**** INFORMATION SHOWN
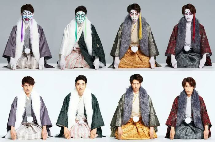 隈取・所作監修の市川蔦之助は、ふぉ~ゆ~のキャラクターとそれぞれのメンバーカラーを踏まえて、斬新な隈取をデザイン。本人たちもテンションを大いに上げてビジュアル撮影に臨んだという。
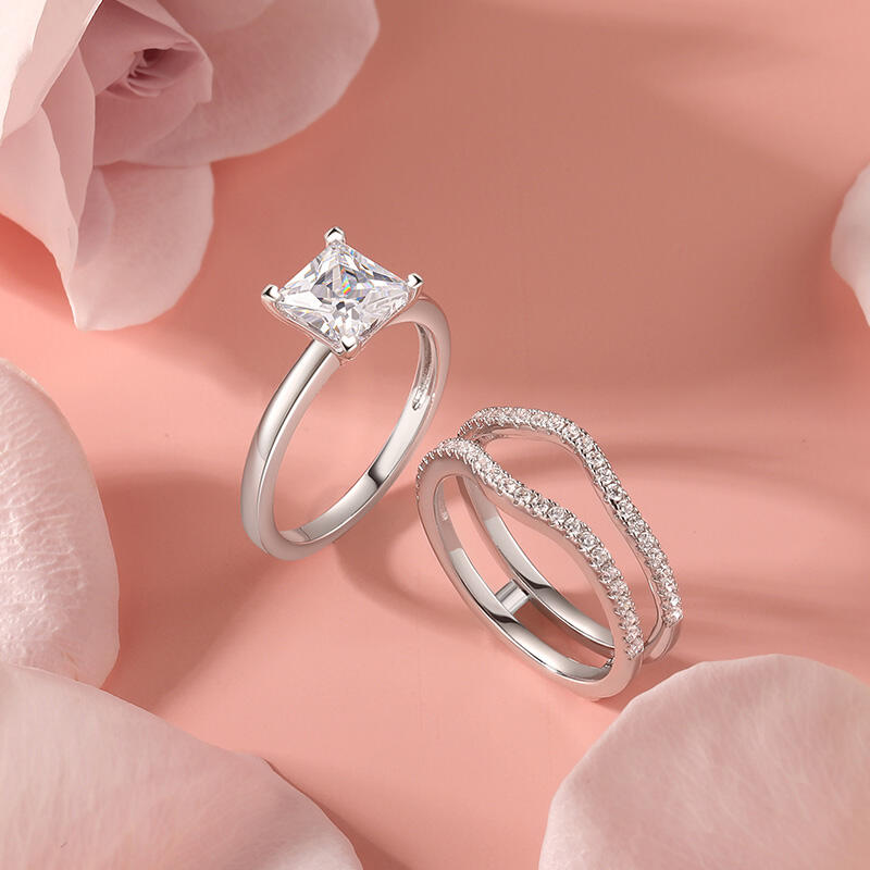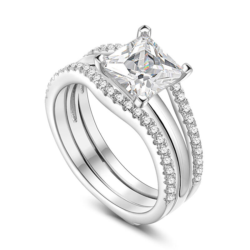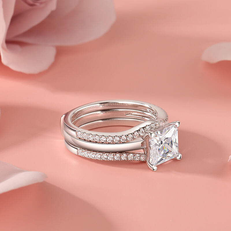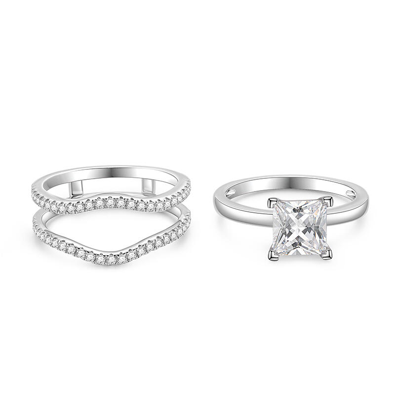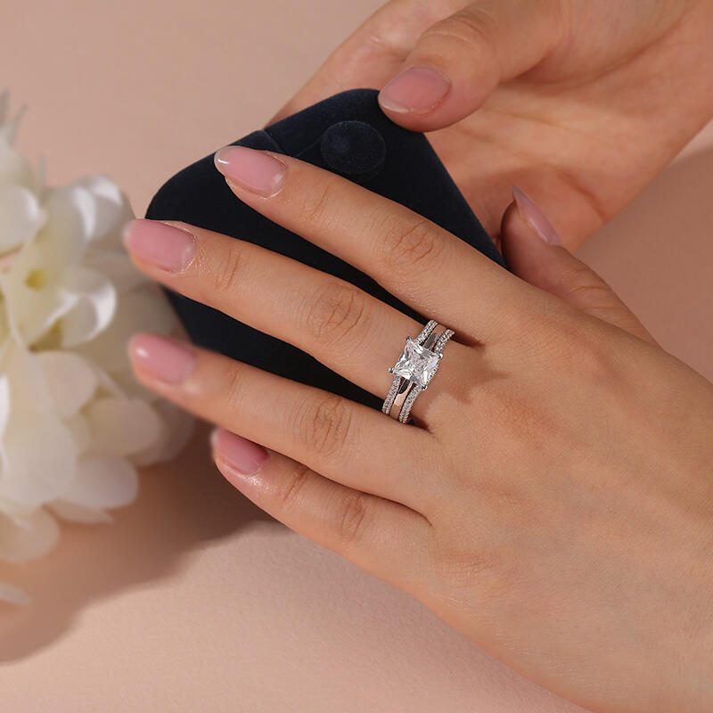 Jeulia Interchangeable Princess Cut Engagement Ring Set Sterling Silver
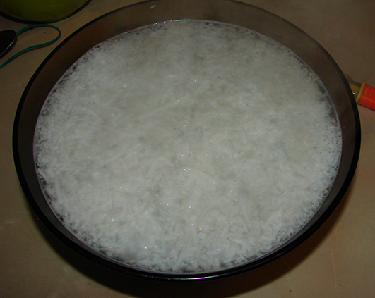 Am acoperit castronul si am lasat sa stea asa cam o jumatate de ora, apoi am strecurat laptele. Am baut un pahar de lapte cald iar restul l-am pus la pastrare. Are gust de orez cu lapte diluat cu apa si cu aroma de cocos 🙂
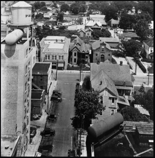 This is a very unique photo, looking straight up Harrison street all the way to Jackson. You can see the Jewish Temple with the ten commandment tablets at the top, with the Rabbi’s house next to it. The site is now where Frances Tower sits. You can see the Palace department store on the left. Judging from the angle, I would guess this was taken from the roof of the ONB building, circa early twenties.
********
TASK TO COMPLETE: Would you please set down the data above again exactly, without its pictures?

WRITTEN SOLUTION:
 隈取・所作監修の市川蔦之助は、ふぉ~ゆ~のキャラクターとそれぞれのメンバーカラーを踏まえて、斬新な隈取をデザイン。本人たちもテンションを大いに上げてビジュアル撮影に臨んだという。
 Jeulia Interchangeable Princess Cut Engagement Ring Set Sterling Silver
 Am acoperit castronul si am lasat sa stea asa cam o jumatate de ora, apoi am strecurat laptele. Am baut un pahar de lapte cald iar restul l-am pus la pastrare. Are gust de orez cu lapte diluat cu apa si cu aroma de cocos 🙂
 This is a very unique photo, looking straight up Harrison street all the way to Jackson. You can see the Jewish Temple with the ten commandment tablets at the top, with the Rabbi’s house next to it. The site is now where Frances Tower sits. You can see the Palace department store on the left. Judging from the angle, I would guess this was taken from the roof of the ONB building, circa early twenties.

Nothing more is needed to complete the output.